Acute myeloid leukemia (AML) is an aggressive heterogeneous group of malignancies resulting from various oncogenic genetic lesions that presents as an accumulation of immature myeloid cells in the bone marrow and peripheral blood. Standard induction chemotherapeutics have remained the front line therapy for AML for over 30 years, and despite being often highly effective at achieving initial disease remission, these responses are often short-lived resulting in relapse and death. Indeed, the overall survival in young adults (<60 years) is <30% [1]. Unlike the ever-increasing repertoire of targeted therapies for lymphoproliferative disorders, currently all-trans-retinoic-acid represents the only targeted therapy in routine clinical use for the treatment of one subclass of AML, acute promyelocytic leukemia, with this approach yielding a more favorable prognosis in this AML subtype than presently achievable in any other form of AML. No targeted therapies are in routine clinical use for the remaining subtypes of AML, which constitute about 90% of all AML patients, and thus, there is an enormous unmet need to develop such targeted therapies.
Sphingolipids are bioactive signaling molecules present in all cells that are emerging as potentially important antileukemia targets [2]. Central in the sphingolipid biosynthetic pathway is ceramide, a proapoptotic mediator that is produced de novo by ceramide synthases and efficiently converted to the prosurvival mediator sphingosine 1-phosphate (S1P) through a series of enzyme reactions. One such reaction is the conversion of ceramide to sphingosine by a family of five ceramidases, including acid ceramidase (AC), and then to mitogenic S1P by the sphingosine kinases (SPHK1 and SPHK2) [3]. Targeting this pathway from ceramide to S1P is not in itself a new concept, with numerous preclinical studies in a wide range of cancers demonstrating that increases in cellular ceramide or reduction in S1P have favorable anticancer effects [4]. However, there has been considerable recent interest in targeting this pathway as a means to induce AML cell death, with independent findings in the last year showing AML cells have heightened dependence on this pathway, with AC and SPHK1 found to be upregulated in primary AML blasts, and that targeting these enzymes results in effective induction of apoptotic cell death in these cells [5,6]. Furthermore, other recent studies have demonstrated that the oncogenic internal tandem duplication mutation of the FLT3 receptor tyrosine kinase, common in AML, mediates AML cell survival and resistance to chemotherapeutics via blocking ceramide synthase 1, and thus, reducing the cellular levels of proapoptotic ceramide [7]. Thus, the sphingolipid pathway shows considerable promise as a target for new AML therapies.
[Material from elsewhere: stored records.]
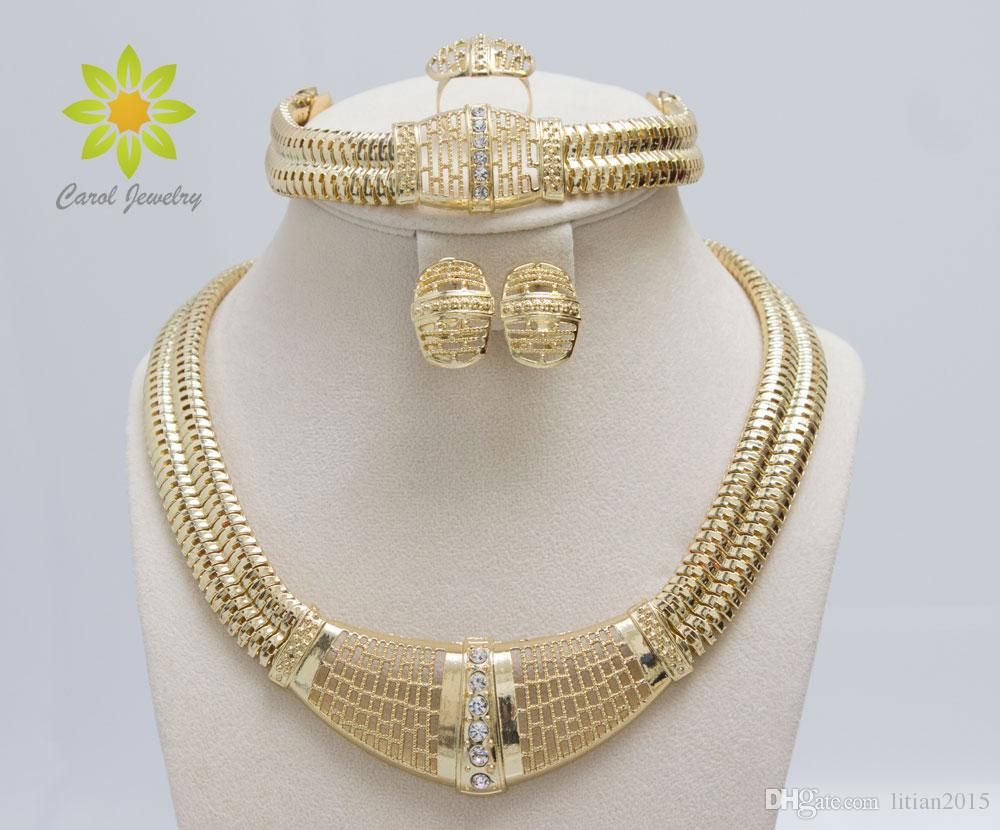 Free Shipping 18k Gold Filled Dubai African White Austrian Crystal Necklace Bracelet Earring Ring Wedding Bride Jewelry Set
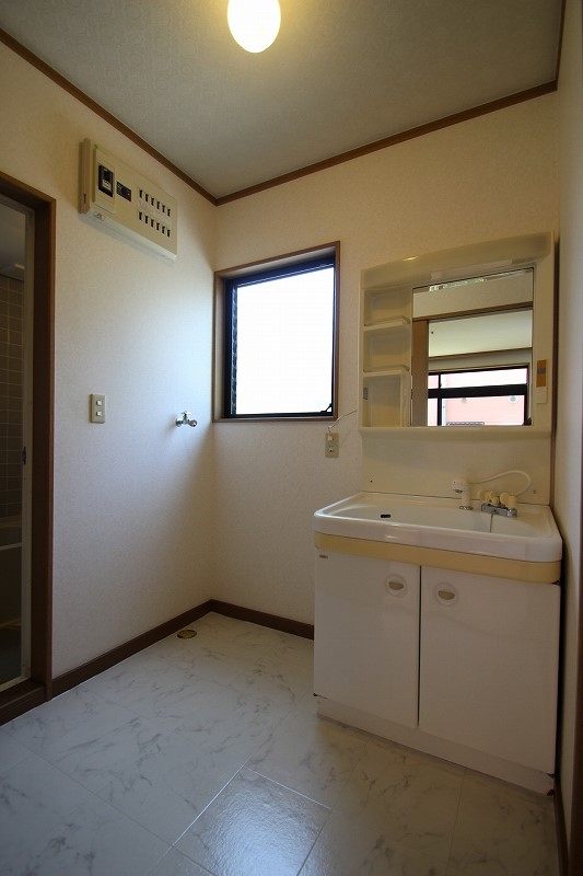 洗面所はこんな感じで脱衣所としても広めな感じですね
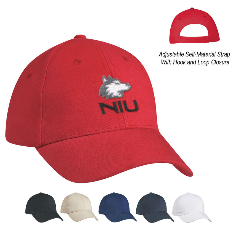6-Panel, Medium Profile Economy Cap with Self-Fabric Velcro Closure - EMBROIDERED - BUDGET
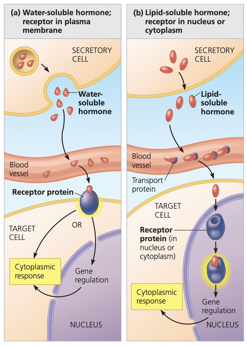 What feature of a hormone determines whether it will initiate a signal transduction pathway or regulate gene expression
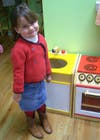 If your four-year-old girl is in need of another fun look, try a red Tea button-up sweater ($14.99), a Gap denim skirt ($6.99), red tights ($1.99) and brown cowgirl boots ($12.99).
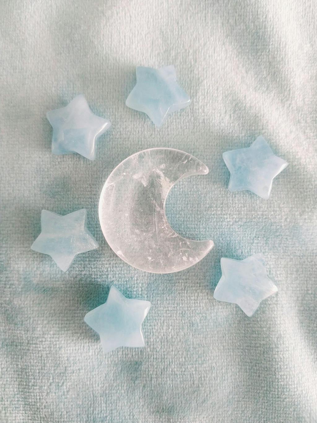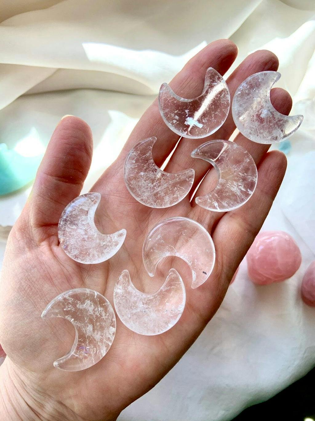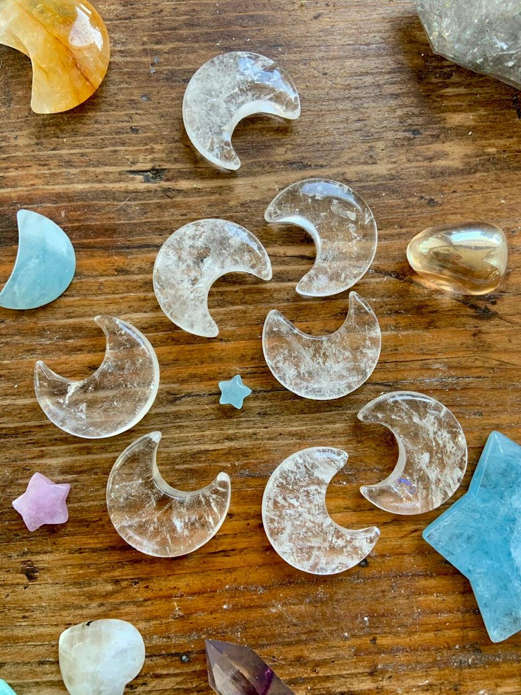 These small moons have slight variation in shape as shown in pics. These crystals are natural gifts from Gaia with unique variances in shape, size, interior patterns, mineral inclusions + clarity. Intuitively chosen just for you.
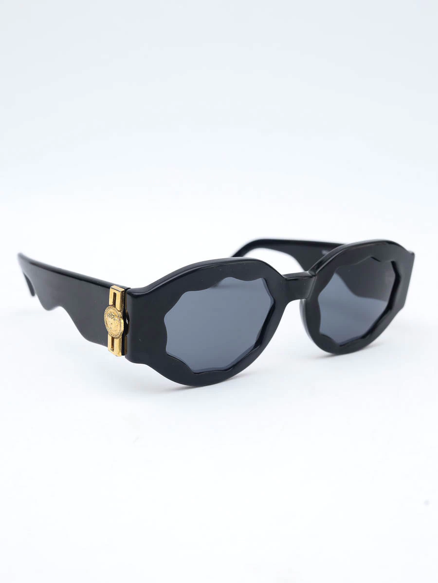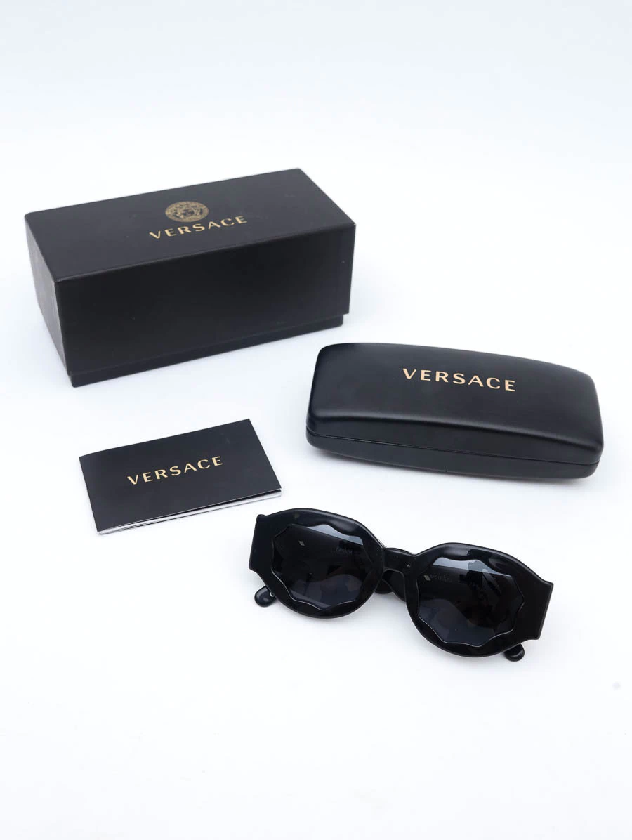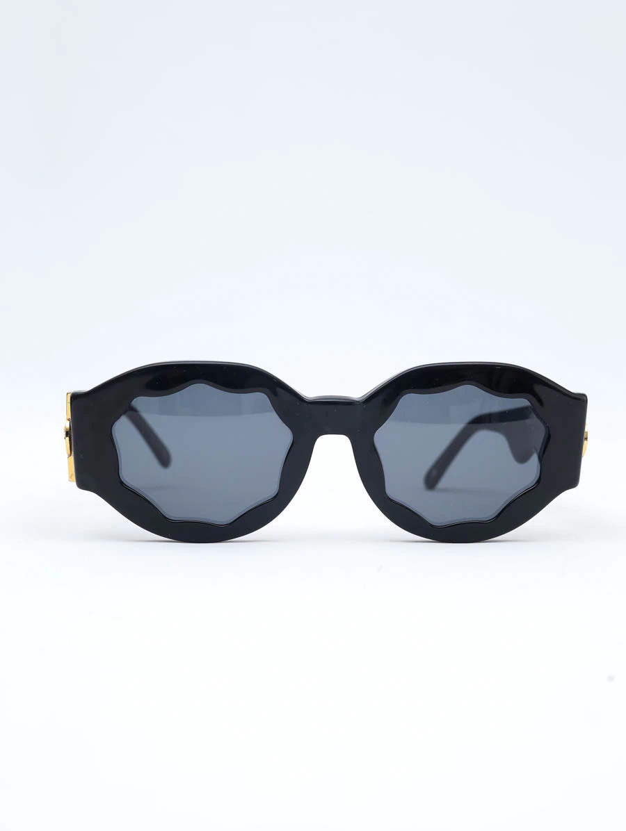 Óculos de Sol Seminovo Original Versace MODS13 com armação em acetato na cor preta, lentes também pretas, ondulações na armação toda e lindo detalhe com o logotipo da marca com metais dourados nas hastes.
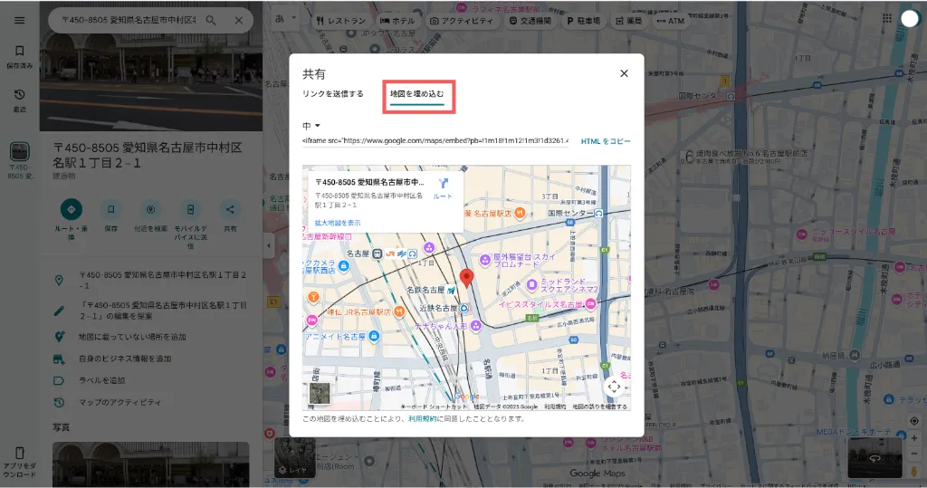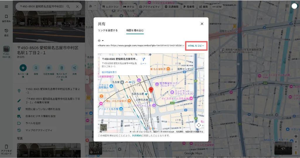 以下の手順を参考に、Googleマップの埋め込みコードを取得し、HPに貼り付けてください。
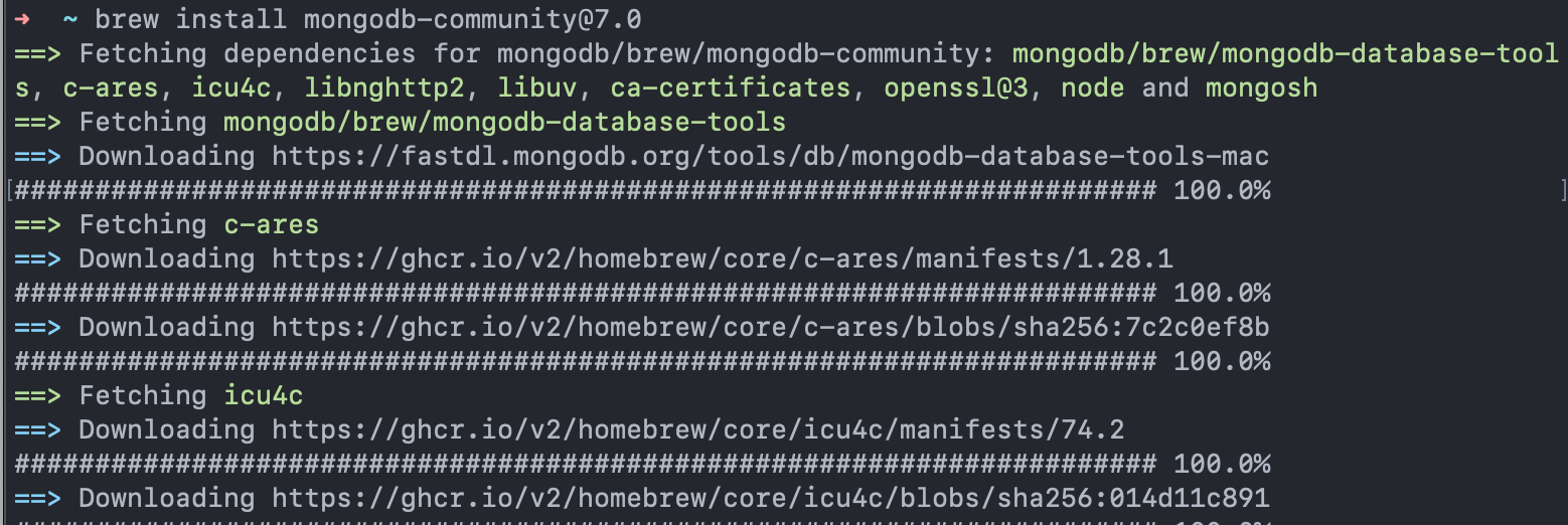 다음 명령어를 실행해 MongoDB Community Edition 7.0 버전을 설치할 수 있다.
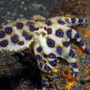 This little guy is called a blue-ringed octopus. Their maximum size is around eight inches – about the size of a golf ball, and they live near coral…
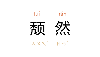 一本作“頺然”。 穨然:1.寂静;寂然。 明 谭宗 《归度庾岭》诗:“穨然下横浦,灯火乱樵渔。”
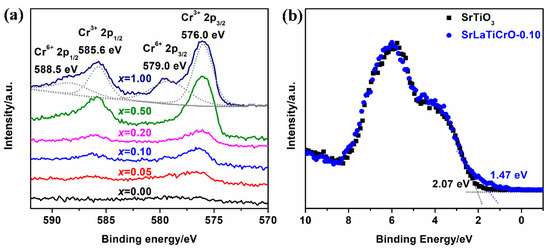 (a) High-resolution XPS spectra of Cr 2p orbitals of the SrLaTiCrO-x samples with x equal to 0.00, 0.05, 0.10, 0.20, 0.50 and 1.00. (b) VB spectra of SrTiO3 and SrLaTiCrO-0.10.
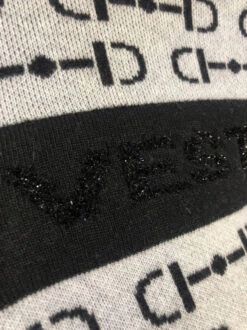 Vestrum Montagna Turtleneck has striking equestrian flair with a black bit intarsia pattern on a white background. The turtleneck and cuffs are solid black. A black stripe across the chest and sleeves has the Vestrum name and a logo in tonal metallic thread. Women’s Vestrum Montagna Turtleneck offers classing, sporting style with a modern edge.
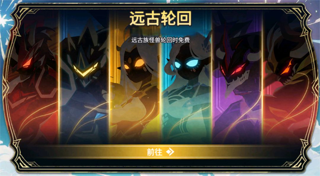 无尽的远古族轮回,体验一切皆有可能!活动期间,远古族怪兽轮回时免费。
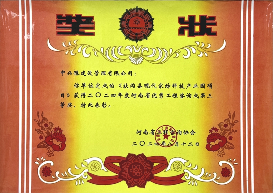 近日河南省工程咨詢協(xié)會公布了《2024年度全省優(yōu)秀工程咨詢成果獎獲獎項目的通知》。經(jīng)會員單位申報、專家小組認(rèn)真評審等程序,我公司申報的“扶溝縣現(xiàn)代家紡科技產(chǎn)業(yè)園項目”榮獲三等獎

Also of increasing importance is the recognition of dysregulated apoptotic pathways in AML with the antiapoptotic myeloid cell leukemia sequence 1 (Mcl-1) protein frequently overexpressed in these cancers [8]. Mcl-1 is one of several prosurvival Bcl-2 family proteins that bind to and inhibit the activation of proapoptotic Bax and Bak, thus preventing mitochondrial cytochrome c release and apoptosis. Potent drugs targeting some of these prosurvival Bcl-2 family members, termed BH3-mimetics, have been developed and are now entering the clinic [9]. Both ABT-737 and ABT-199 (Venetoclax) are examples of these, with the latter highly selective for Bcl-2 and approved in a number of countries for the treatment of chronic lymphocytic leukemia with 17p deletion, and in clinical trials for a range of hematological malignancies including AML, multiple myeloma and lymphomas. AML cells, however, have a high dependency on Mcl-1 for their survival [8], which currently available BH3-mimetic drugs do not inhibit. Thus, Mcl-1 remains the major mechanism of resistance of AML to BH3-mimetic-based therapies.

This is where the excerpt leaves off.